* **WORK TO BE COMPLETED**: Return, unchanged and with no pictures, the lines below from the very first through the one that contains "Sehr schöne Kommode".

* **GIVEN INFORMATION**:
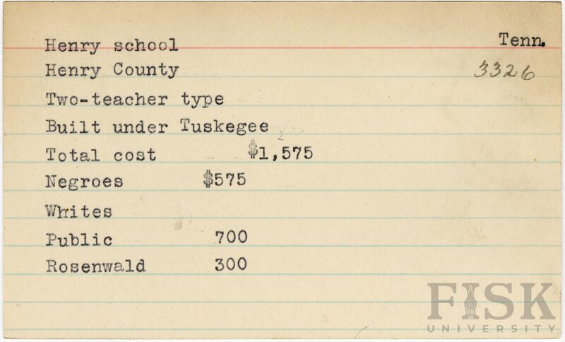 - School card from Rosenwald Fund for Henry School in Henry County, Tennessee
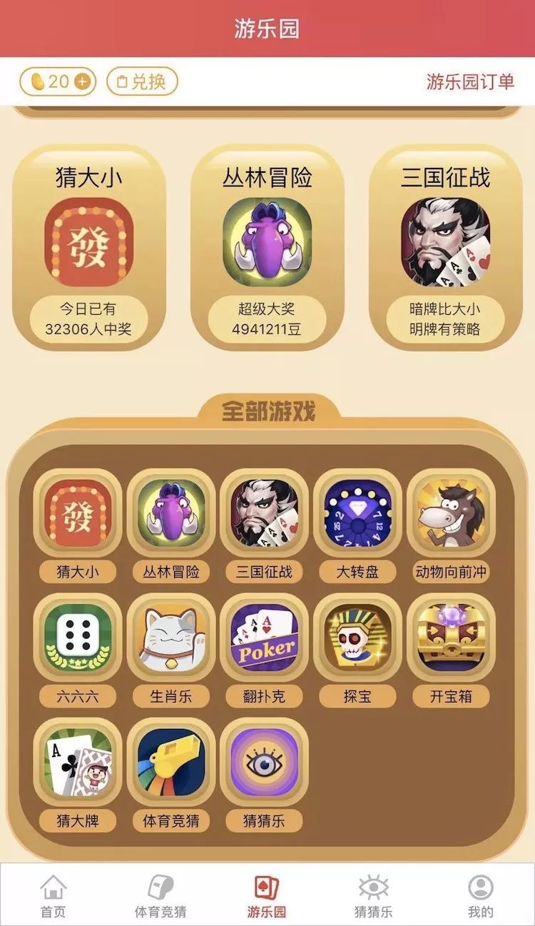 目前,这款应用可向用户提供“体育竞猜”和“猜猜乐”这两个游戏板块,分别对应各大体育赛事的比赛结果竞猜及娱乐、科技、金融等热门话题的竞猜活动。而据“终结诈骗”此前爆料,“淘必中”APP中的游戏分类除了上述两个板块之外,还有一个名为“游乐园”的板块,其中包括“大转盘”、“猜大小”等赌博性质较为严重的游戏。
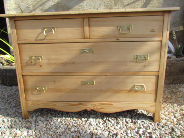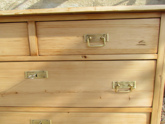 Sehr schöne Kommode aus der Jugendstil Zeit ,in Weichholz. Die Beschläge sind original aus der Zeit. Sie wurde restauriert, die Oberfläche ist gewachst.
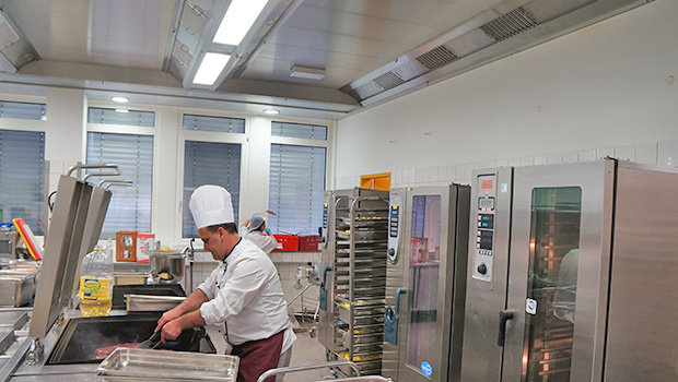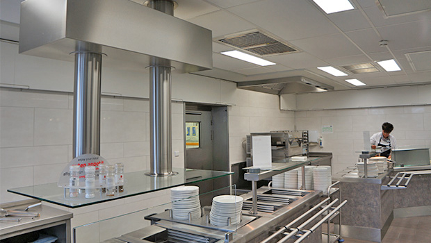The main kitchen and the dishwashing areas have been equipped with Capture Jet™ ventilated ceilings enabling up to 15% reduction in exhaust airflow rates compared to traditional ventilated ceilings. The distribution area has been on its side equipped with a Capture™ Jet hood (up to 40% reduction in exhaust airflow rate compared to traditional hoods) and a Jet Extraction System (JES).

* **RESULT**:
 - School card from Rosenwald Fund for Henry School in Henry County, Tennessee
 目前,这款应用可向用户提供“体育竞猜”和“猜猜乐”这两个游戏板块,分别对应各大体育赛事的比赛结果竞猜及娱乐、科技、金融等热门话题的竞猜活动。而据“终结诈骗”此前爆料,“淘必中”APP中的游戏分类除了上述两个板块之外,还有一个名为“游乐园”的板块,其中包括“大转盘”、“猜大小”等赌博性质较为严重的游戏。
 Sehr schöne Kommode aus der Jugendstil Zeit ,in Weichholz. Die Beschläge sind original aus der Zeit. Sie wurde restauriert, die Oberfläche ist gewachst.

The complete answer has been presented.